In the study cohort, 22.5% patients with dementia also had diabetes. Table 1 provides a summary of patient characteristics. Compared with patients without diabetes, those with diabetes were significantly more likely to be female, young, and living in south and rural areas (Table 1). They were also more likely to have low incomes, more comorbidities (myocardial infarction, congestive heart failure, peripheral vascular disease, cerebrovascular disease, chronic pulmonary disease, peptic ulcer disease, mild liver disease, renal disease, cancer), and a greater number of severe diseases. The top three largest differences in the distributions of comorbidities between the DM and non-DM groups were cerebrovascular disease (percentage difference: 18.9), peptic ulcer disease (percentage difference: 7.1), and renal disease (percentage difference: 5.7).
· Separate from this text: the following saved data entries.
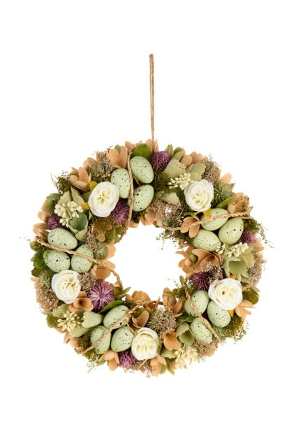 Nuvole di StoffaSplendida ghirlanda decorativa pasquale con uova verdi e beige, fiori secchi e dettagli naturali. Perfetta per decorare porte, pareti o come centro...
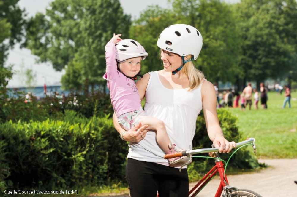 In Österreich gilt ein Helmpflicht für Kinder bis 12 Jahren. Besonders bei ersten Helmen, die hauptsächlich für Kindersitz oder -anhänger gedacht sind, sollte man darauf achten, dass der Helm am Hinterkopf abgeflacht ist, um eine bequeme Kopfhaltung zu erlauben. Außerdem sollte der Kinnriemen gepolstert und verletzungsfrei zu schließen sein.
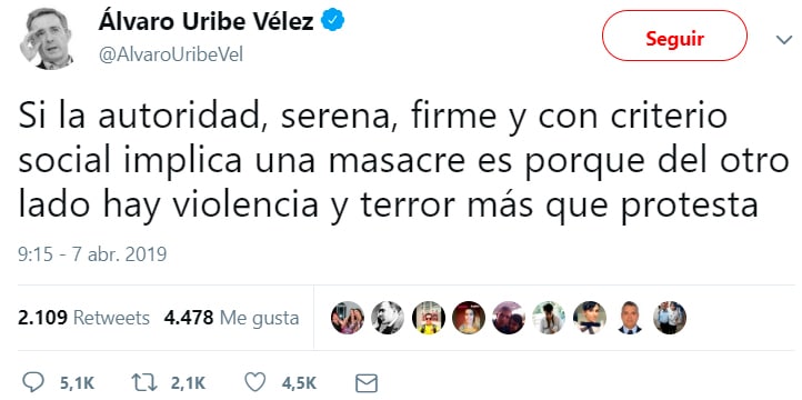 El pasado 7 de abril, desde su cuenta en la red social Twitter, Álvaro Uribe Vélez, expresidente de la República (2002-2010) y jefe del Centro Democrático, el actual partido de gobierno, una vez levantada la minga, emitió un controvertido mensaje que fue considerado por diferentes sectores como instigador a la violencia contra quienes acudan a la protesta social.
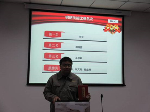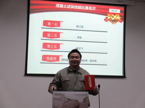 歡歡喜喜送玉兔,熱熱鬧鬧迎騰龍! 新年伊始,2月4日下午我公司順利舉行了檢測(cè)操作技能比賽(砼試塊、鋼筋),比賽選手為我公司檢測(cè)員,比賽由公司技術(shù)負(fù)責(zé)人王大遠(yuǎn)、檢測(cè)室主任孟巍巍以及主任助理周惠擔(dān)任評(píng)委。選手們個(gè)個(gè)斗志昂揚(yáng)、充滿激情,技能比武,熱浪不斷掀起,每位選手都不甘示弱。砼試塊檢測(cè)比賽過程中,選手們嚴(yán)格按照規(guī)范進(jìn)行操作——開機(jī)預(yù)熱、測(cè)量試塊尺寸、輸入任務(wù)單編號(hào)、選擇量程和加載速度以及進(jìn)行最后的數(shù)據(jù)處理,表現(xiàn)的有條不紊。鋼筋檢測(cè)過程中,選手們?cè)诜Q重和量斷后標(biāo)距這兩個(gè)環(huán)節(jié)中尤為認(rèn)真,生怕讀錯(cuò)數(shù)據(jù)影響最終的檢測(cè)結(jié)果。比賽一結(jié)束,選手們互相交流經(jīng)驗(yàn),操作的注意事項(xiàng)等。 經(jīng)過激烈的角逐,砼試塊檢測(cè)的前三名分別是老員工陳江濤、周全以及新進(jìn)員工董洪飛。周全、周科雷、王克如分獲鋼筋檢測(cè)的一二三名。 賽后大家總結(jié)了自己操作過程中的不足互相取長補(bǔ)短,鞏固了常規(guī)材料檢測(cè)項(xiàng)目的知識(shí),為2012年的檢測(cè)工作開了個(gè)好頭。龍年,吉祥年,相信前友檢測(cè)公司會(huì)有豐瑞成績(jī)!
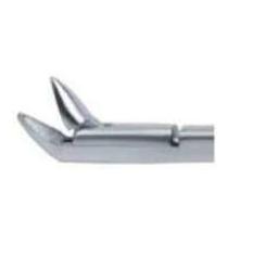 Kleszcze do laryngoskopii, trójkątne, zagięte ku górze pod kątem 45°.
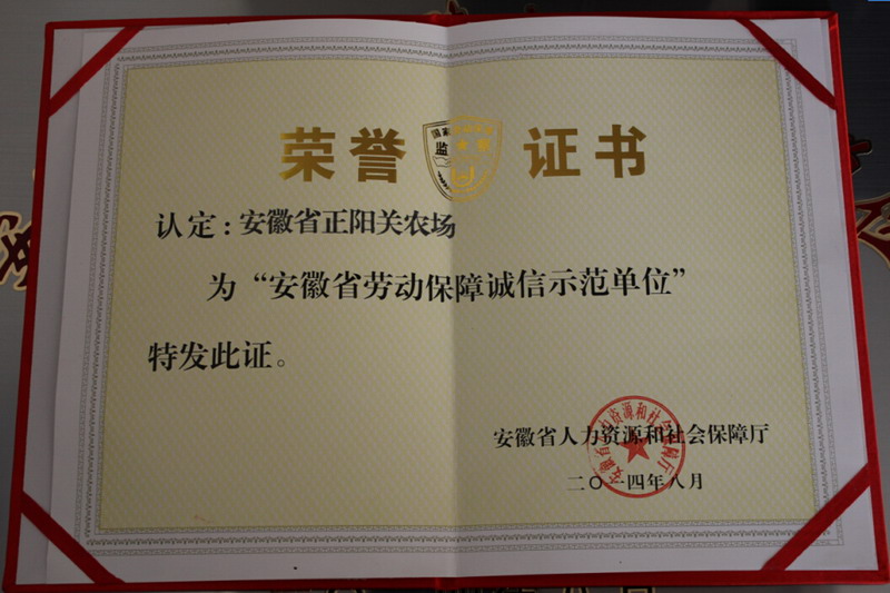 正阳关农场:获评全省劳动保障诚信示范单位

Table 2 shows the associations of baseline characteristics and comorbidities with DM. Age, sex, area of residence, urbanization level, insurance amount, congestive heart failure, cerebrovascular disease, peptic ulcer disease, mild liver disease, renal disease, hypertension, and hyperlipidemia were significantly and independently associated with DM in patients with dementia (Table 2). Notably, patients with DM were more likely to be female (adjusted OR: 1.44, 95% CI: 1.36–1.52) and young (range of adjusted OR: 0.55–1.13). Those with DM were significantly more likely to have more comorbidities, have lower incomes, and live in rural areas. We analyzed the associations of DM with income, number of comorbidities, and systematic diseases (Figs. 1 and 2). As can be seen in Fig. 1, which shows the results of our analysis regarding the prevalence of DM, number of comorbidities, income, the prevalence of DM was higher in patients with four or more comorbidities and lower in those with high incomes (Fig. 1). Figure 2 depicts the results of our analysis regarding the proportion of comorbidity-related diseases based on diabetes status and insurance amount. Patients with DM had substantially more comorbidities than did those without DM. Those with DM and those in the lower income group had the highest proportion of renal and metabolic system diseases (Fig. 2). The sensitivity analysis strongly supported these model findings (Additional file 1: Table S2).
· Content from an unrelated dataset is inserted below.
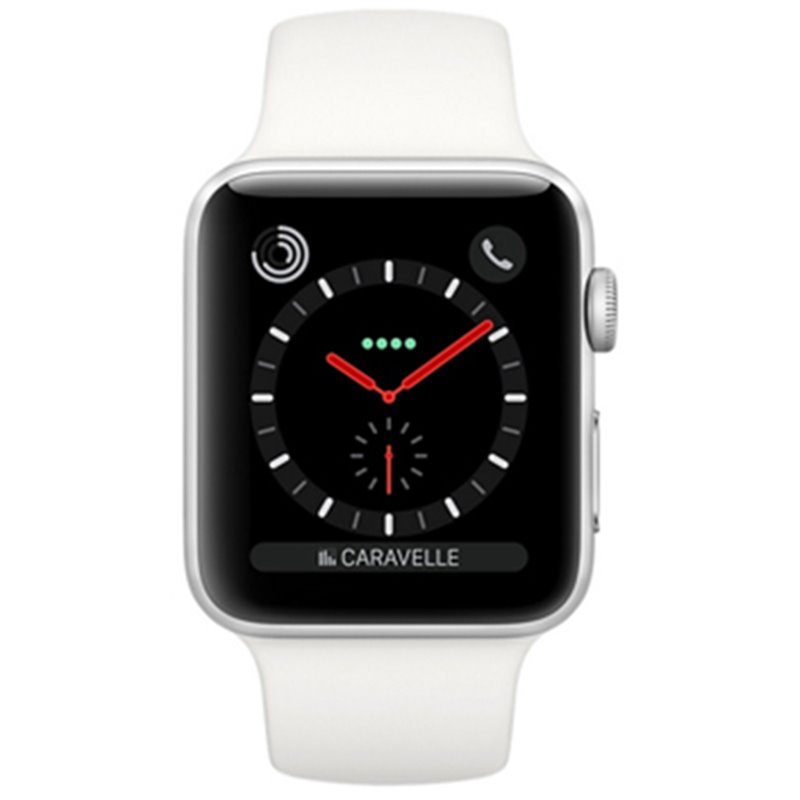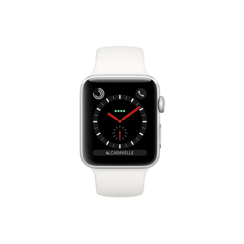 Apple Watch Series 3 boîtier en acier de 38mm avec Bracelet Sport blanc coton Cellular [référence Apple MQLV2]. [late 2017] [système watchOS 4] Répondez à un appel depuis n'importe quelle situation. Demandez à Siri d'envoyer un message ou courez au son de vos playlists préférées. Tout ça, sans votre téléphone. Ces fonctionnalités sont rendues possibles grâce à la connectivité cellulaire. Boîtier acier inoxydable GPS et GLONASS intégrés Puce W2 Altimètre barométrique Cardiofréquencemètre Accéléromètre et gyroscope Etanche jusqu'à 50 mètres Cristal de Saphir Dos en céramique Wi-Fi (802.11b/g/n 2,4 GHz) Bluetooth 4.2 Jusqu'à 18 heures d'autonomie watchOS 4 (adaptateur secteur non inclus, vendu séparément) (matériel neuf, garantie totale 3 ans). EAN 0190198515377.

Table 3 shows the results of our study regarding association between systematic comorbidities and DM in patients with dementia. Prevalence of DM was significantly associated with the following systematic comorbidities: cardiovascular diseases (adjusted OR: 3.93, 95% CI: 3.68–4.19); digestive system diseases (adjusted OR: 1.34, 95% CI: 1.26–1.42); renal and metabolic system diseases (adjusted OR: 2.81, 95% CI: 2.64–2.98); and cancer (adjusted OR: 1.23, 95% CI: 1.09–1.38) (Table 3). The likelihood of DM was clearly higher in patients with one or two renal or metabolic system diseases than in those without (adjusted OR: 3.05, 95% CI: 2.86–3.25 and adjusted OR: 5.32, 95% CI: 4.18–56.78, respectively). Similar results from the sensitivity analysis are shown in Additional file 1: Table S3.